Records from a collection
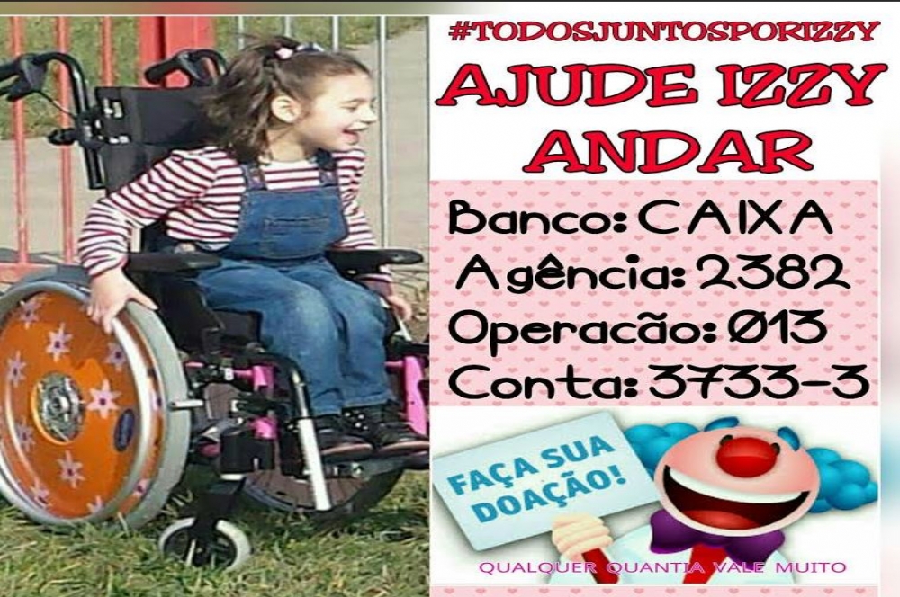 Vamos ajudar IZZY sair da cadeira de rodas? Festa dançante beneficente
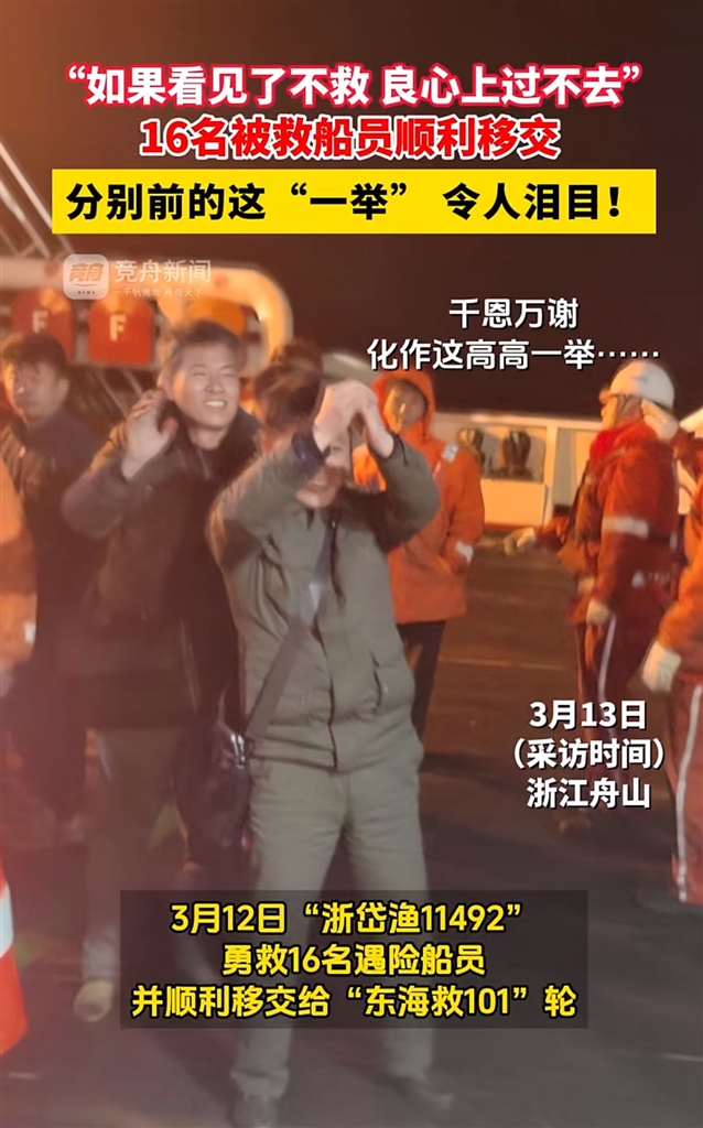 岱山渔船抛下近40万元的蟹笼,再次救上16名海上遇险人员,也赢得了一拨拨网友点赞:“沈船长大爱。”“英雄挽救了16个家庭。”“渔民兄弟刻在骨子里的善良和义气令人钦佩。”
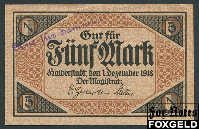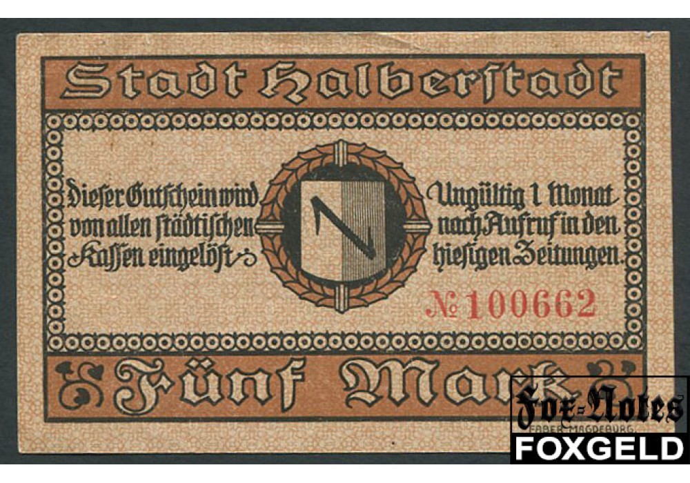 Halberstadt Provinz Sachsen 5 Mark 1918 №100662
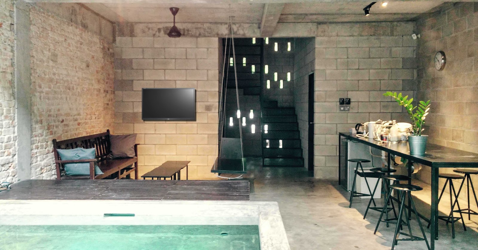 记得我朋友搭grabcar 来到民宿门口时,司机还非常怀疑她们被骗了,在这闹市当中,一堆旧店屋里,竟然有泳池?别开玩笑了~
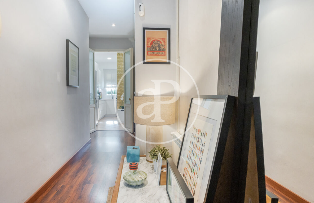 El piso cuenta con un hermoso recibidor que a su vez distribuye el acceso a toda la vivienda. En él encontramos un gran armario empotrado y la entrada a una primera habitación individual, que da a la calle y dispone de un pequeño armario empotrado. Junto a ella se encuentra el salón-comedor, con una bonita arcada, y la habitación principal, de gran tamaño, con acceso directo al baño y entrada a la cocina.

WHAT IS NEEDED:
Please set down exactly the lines from the one holding "Halberstadt Provinz Sachsen" through the last line of the entries, both ends included, and skip pictures.

TASK SOLUTION:
 Halberstadt Provinz Sachsen 5 Mark 1918 №100662
 记得我朋友搭grabcar 来到民宿门口时,司机还非常怀疑她们被骗了,在这闹市当中,一堆旧店屋里,竟然有泳池?别开玩笑了~
 El piso cuenta con un hermoso recibidor que a su vez distribuye el acceso a toda la vivienda. En él encontramos un gran armario empotrado y la entrada a una primera habitación individual, que da a la calle y dispone de un pequeño armario empotrado. Junto a ella se encuentra el salón-comedor, con una bonita arcada, y la habitación principal, de gran tamaño, con acceso directo al baño y entrada a la cocina.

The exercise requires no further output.